С Сережкой Ильевским Ляля училась в одной школе и прекрасно помнила стенгазеты, заполненные его стихами. Хотя позднее пути их разошлись - Ляля поехала учиться в Харьков, а Сережка поступил в Полтавский пединститут, - они продолжали дружить и поддерживать "родственные связи". В первые дни немецких налетов Сережку завалило обломками в рухнувшей институтской библиотеке, и его положили в городскую больницу. Уже перед самым наступлением оккупантов на Полтаву мать забрала его домой.
- Вишь, что сделали с городом, - ворчала Ильевская, идя рядом с Лялей и осматривая дома. Над балконом одного из помещений уже был вывешен портрет Гитлера. - Прикрылись дерьмом… Нет житья ни в доме, ни в саду, зато Гитлер на виду.
Ляле казалось, что это вовсе не ее город, что она видит его впервые. Люди по улицам теперь не ходили, а бегали, ныряя в переулки, как в мешки. Здоровались, глядя исподлобья, торопливо, будто стыдились и боялись друг друга. Встречая некоторых знакомых отца, Ляля не останавливалась, не заводила с ними разговора, как это было прежде. Кивала на ходу и тоже чувствовала себя неловко…
- Что сегодня с тобой? - обратила на нее внимание Ильевская, привыкшая всегда видеть Лялю с открытой приветливой улыбкой. - Будто привезенная… От людей отворачиваешься… Что с тобою?
- Я не знаю, тетя Оля… Как-то мне неловко… Вроде я виновата в чем-то. Будто слышу упреки отовсюду. Такая, дескать, молодая и здоровая, мы тебя столько учили, воспитывали… А ты теперь спокойно прохаживаешься по улицам и не думаешь о том, почему город сдан, почему не эвакуированы все…

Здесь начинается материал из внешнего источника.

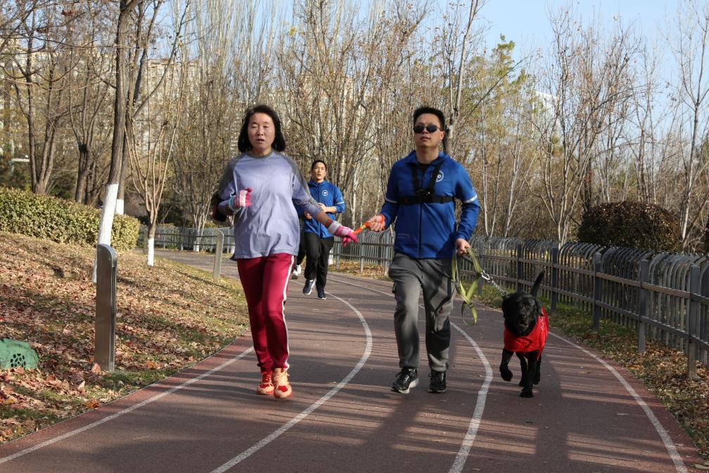 “大家在群里报名,根据个人想跑的距离,一位盲友搭配一位陪跑志愿者,组成一组。”志愿者史尚宏说,有的时候甚至是盲友带着自己跑,她一开始只能跑一圈,现在一口气能跑四圈。
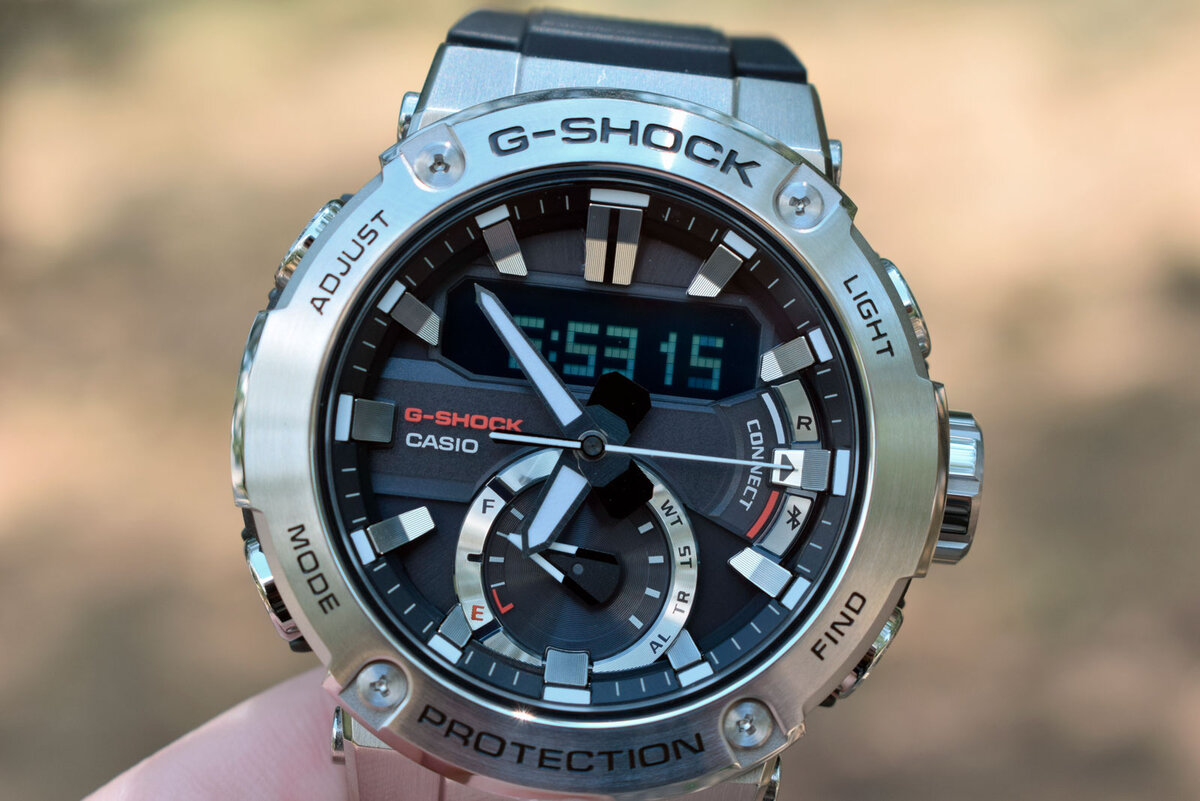 Лично я остался очень доволен GST-B200-1A. Комфортные размеры и легкость корпуса, несмотря на металл, сыграли решающую роль в моем видении серии. Не волнуйтесь, стали здесь по-прежнему много — безель, винты, кнопки, крепление ремешка создают общую картину элитных часов, хоть модель и не относится к верхнему премиум-сегменту. Беспроводные возможности и солнечное питание были и у GST-B100, но вот карбоновая составляющая однозначно выводит 200-е на новый уровень — как в плане удобства, так и прочности.
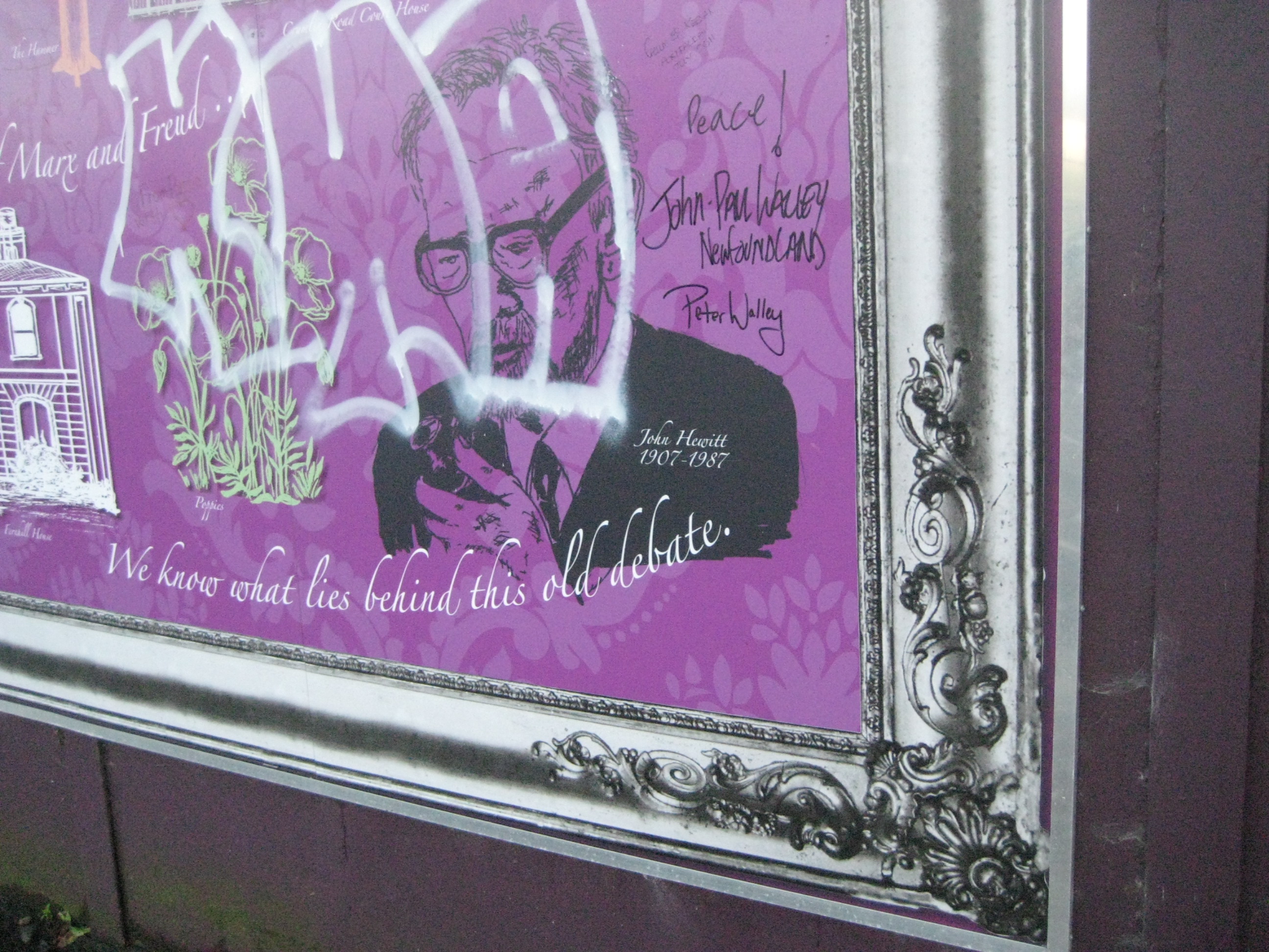 This article explores the representational implications of an ongoing project along Belfast’s main peace wall to transform the loyalist side of the barrier into an outdoor art gallery. Drawing in part on the interplay between social production and social construction (Low 2000) in the analysis of public space, the wall’s art is assessed as one means through which both elites and ordinary people inscribe meaning in the landscape. Particular attention is focused on a recently added mural, created as part of a European Union-funded initiative to promote ‘shared cultural space’, and the identity this promotes for the local population. Using ethnographic data gathered through participant observation as well as interviews with policymakers, artists, community stakeholders and residents, I suggest that while the wall’s art is not necessarily received or experienced by the Protestant community in the manner it is intended, it broadly serves as a touchstone by which narratives of conflict and communal ties are activated, and the neighbourhood’s evolving identity as an element in a new tourist-oriented economy is brought to the fore.
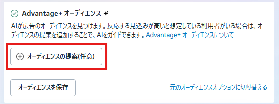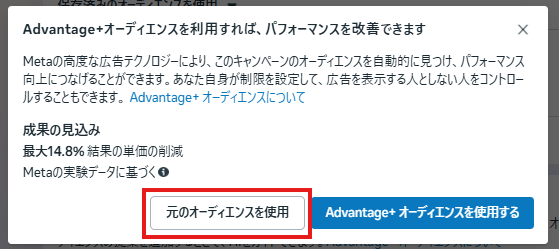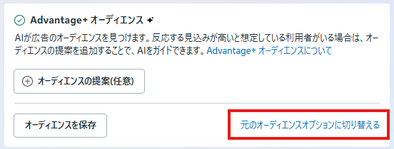 切り替えることはできるものの、媒体としてはAdvantage+オーディエンスの利用を強く推奨しているため、ポップアップや注意書きで繰り返し利用を促されます。代理店担当者としても、「特定の層以外には絶対に出したくない」という場合以外は利用を推奨します。
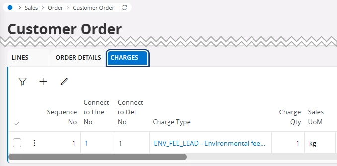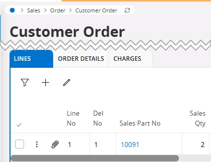 I have connected a charge to sales part 10091. And when adding this sales part on the Customer order, a charge line is created in tab charges.
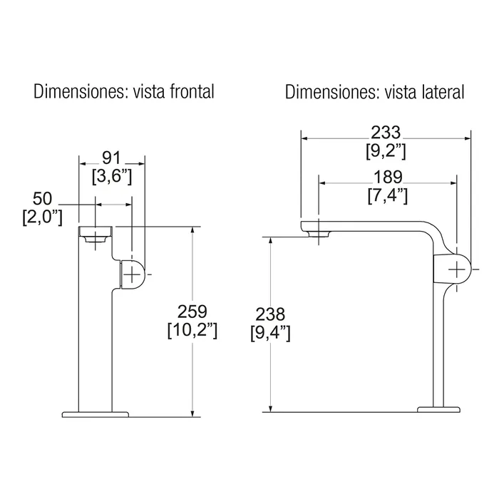 Monomando alto de lavabo. Incluye contra de push. Incluye inserto para usarse con lavabos sin rebosadero. Acabado cromo. Presión mínima requerida 0.60 km/cm2. Recomendado para lavabos de sobreponer.
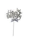 Parti Sürprizi Yıldızlı Gümüş Happy Birthday Fiyonklu Pasta Süsü

- Такое скажешь, - прервала ее Ильевская. - Второй Сережка… На того тоже "все смотрят".
- Да, в самом деле смотрят, тетя Оля…
- Еще бы не смотрели. Ты ведь нарядилась, будто на демонстрацию. Вот и режет глаза.
Среди обычного шарканья ног пешеходов Ляля вдруг услышала сзади отдаленное металлическое щелканье. Губы ее невольно стиснулись в брезгливую гримасу.
- Пойдемте побыстрее, тетя Оля…
- Чего тебе не терпится?
- Слышите: клацают?
- Я не слышу… Где?
- За спиной.
- Пускай себе клацают, - сказала, оглянувшись, Ильевская, однако ускорила шаг. - Костями бы вы клацали!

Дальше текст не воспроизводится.